In the following days I took my time. I knew that in time, I'd feel like myself and my hopeful heart would mend. The words that kept passing in my thoughts were the words from the Thirteenth Station of the Cross:
'All you who pass by the way, see if there be any sorrow like my sorrow.
The tears are on her cheeks, and there is none to comfort her.'
I knew that I needed to wait patiently for all of the harsh feelings to settle. Like Christ's resurrection that I had anticipated, I needed to spend some time in the tomb before I could rise again.
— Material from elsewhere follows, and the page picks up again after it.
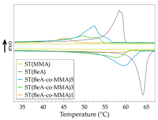 By adjusting the monomer ratio of the copolymer, microcapsules with varying phase transition behavior and thermal properties can be prepared. Using copolymer microcapsules and sheets with the same ingredients as samples, we investigated the effects of synthesis method on the thermal and crystallization performance of the copolymer materials. Monomer BeA and MMA can form copolymer sheets under UV irradiation through free-radical light-induced polymerization. The DSC curves of ST(BeA-co-MMA) copolymer sheets are shown in Figure 7, and the detailed data are listed in Table 5.
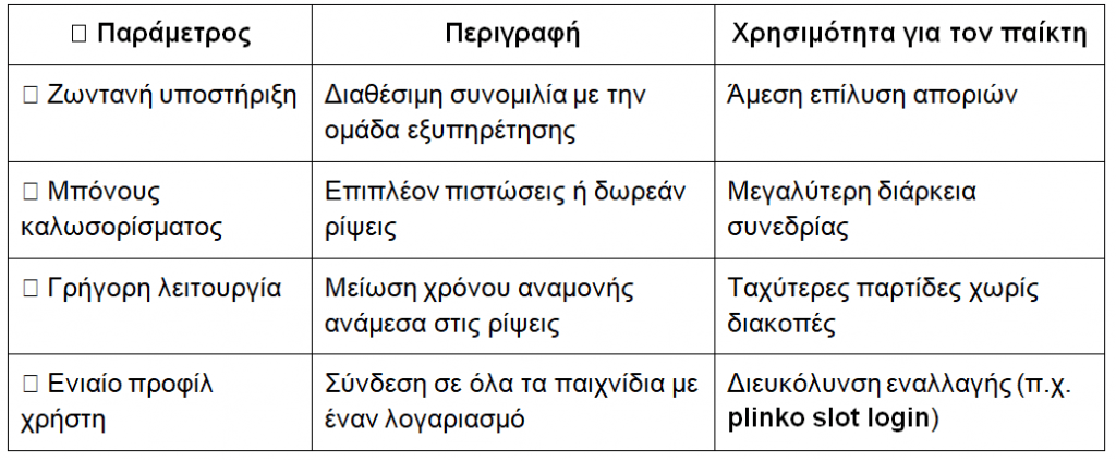 Ο πίνακας με βοηθάει να θυμάμαι γρήγορα τι αξίζει να ελέγξω όταν βρω ένα καινούργιο site. Για παράδειγμα, η λειτουργία plinko slot login είναι ωραία, γιατί επιτρέπει να συνδέομαι με τον ίδιο λογαριασμό που έχω για άλλα παιχνίδια. Έτσι δεν χρειάζεται νέα εγγραφή. Επίσης, αν ένα site δείχνει plinko casino official, ξέρω ότι ακολουθεί πιο επίσημες διαδικασίες αδειοδότησης.

No matter how hard I try, I cannot help but be hopeful. I cannot close a door, when their is still a glimmer of light shining through the small crack that it leaves open. I do know that adoption is an alternative. For us, we just aren't there yet. We are not in the place where we feel that we are being called to throw ourselves into that process. Maybe some day, but not yet. I also know that right now I can completely rely on my two Catholic physicians, who not only care for me physically but also spiritually and morally. I know that they are going to help me in every way possible to explore options and treatments for me that will help with conception and maintaining a healthy pregnancy.
In faith, I rest and rely on God's infinite goodness and His Divine Plan. I may see it completely different than He, but I try to remain patient as I wait humbly for everything to unfold. For today, I have the strength to do that. But it's hard to say what tomorrow will bring.